Mitochondrial Replacement Techniques Are ‘Ethically Permissible’ and Worthy of Clinical Study, US Panel Advises
Three researchers were brought together by the Institute of Medicine (IOM) to consider the ethics, guidelines, and potential risks of mitochondrial replacement techniques (MRTs) aiming to prevent mother-to-child transmission of mitochondrial diseases. Their article, “Mitochondrial Replacement Techniques — Implications for the Clinical Community,” was published in The New England Journal of Medicine.
Mitochondrial DNA (mtDNA) diseases are a group of very heterogeneous disorders transmitted from mother to child, due to defective DNA present on mitochondria, the energy-producing organelles of cells. There are more than 400 known pathogenic mutations in the mitochondrial genome, which contains only 37 genes. These diseases, which can vary greatly in severity and age onset, can affect different organs and systems. Symptom management is the approach often employed by doctors, as there currently are no cures or Food and Drug Administration (FDA)-approved therapies for any mtDNA disease.
Reproductive scientists have focused their efforts on preventing transmission of mitochondrial diseases by MRTs, in which the mitochondria harboring disease-causing mutations are replaced in the mother’s oocytes or zygotes with mitochondria containing healthy mtDNA genomes. In fact, as the authors wrote in the article’s opening sentence, “Mitochondrial DNA (mtDNA) disease may be the poster child for highly targeted, ‘personalized’ medicine.”

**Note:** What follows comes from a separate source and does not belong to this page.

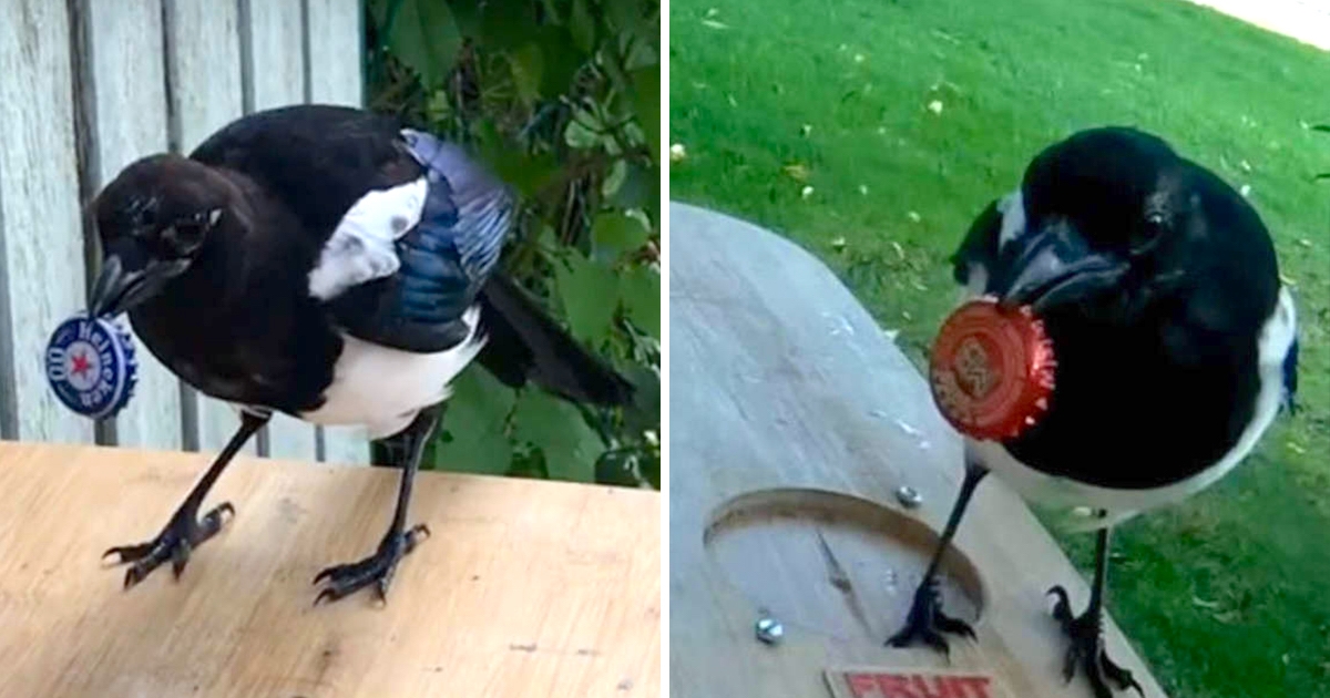 也太天才!男子訓練「喜鵲幫忙撿垃圾」 每天蹦蹦跳報到:來領零食囉~

The IOM Committee on the Ethical and Social Policy Considerations of Novel Techniques for Prevention of Maternal Transmission of Mitochondrial DNA Diseases, done at the request of the U.S. Food and Drug Administration (FDA), considered the ethics and risks of clinical investigations of MRTs in humans. According to the article, written by Marni J. Falk, MD, director of the Mitochondrial-Genetics Clinic at The Children’s Hospital of Philadelphia, and co-authored by Jeffrey Kahn, PhD, MPH, of the Johns Hopkins Berman Institute of Bioethics, and Alan Decherney, MD, an obstetrician-gynecologist and reproductive endocrinologist at the National Institute of Child Health and Human Development, the panel concluded that “it is ethically permissible to conduct clinical investigations of MRT[s], subject to certain conditions and principles.”
Such guidelines include predominant focus on the child’s safety and, therefore, recommend that MRTs be initially conducted in male embryos, since only women can transmit mtDNA diseases to a child. The panel also recommended that, with the goal of further limiting the use of these techniques to appropriate patients, the FDA should formulate and implement clear policies, and professional societies should issue clear practice recommendations. Moreover, the extended monitoring — “probably well into adulthood” — of children conceived after MRT is highly recommended.
Finally, the panel also recommended that researchers investigate possible health problems before regulatory approval or clinical use of the techniques, as these procedures involve mixing mitochondrial DNA from a female donor with DNA from the nucleus of the mother and father.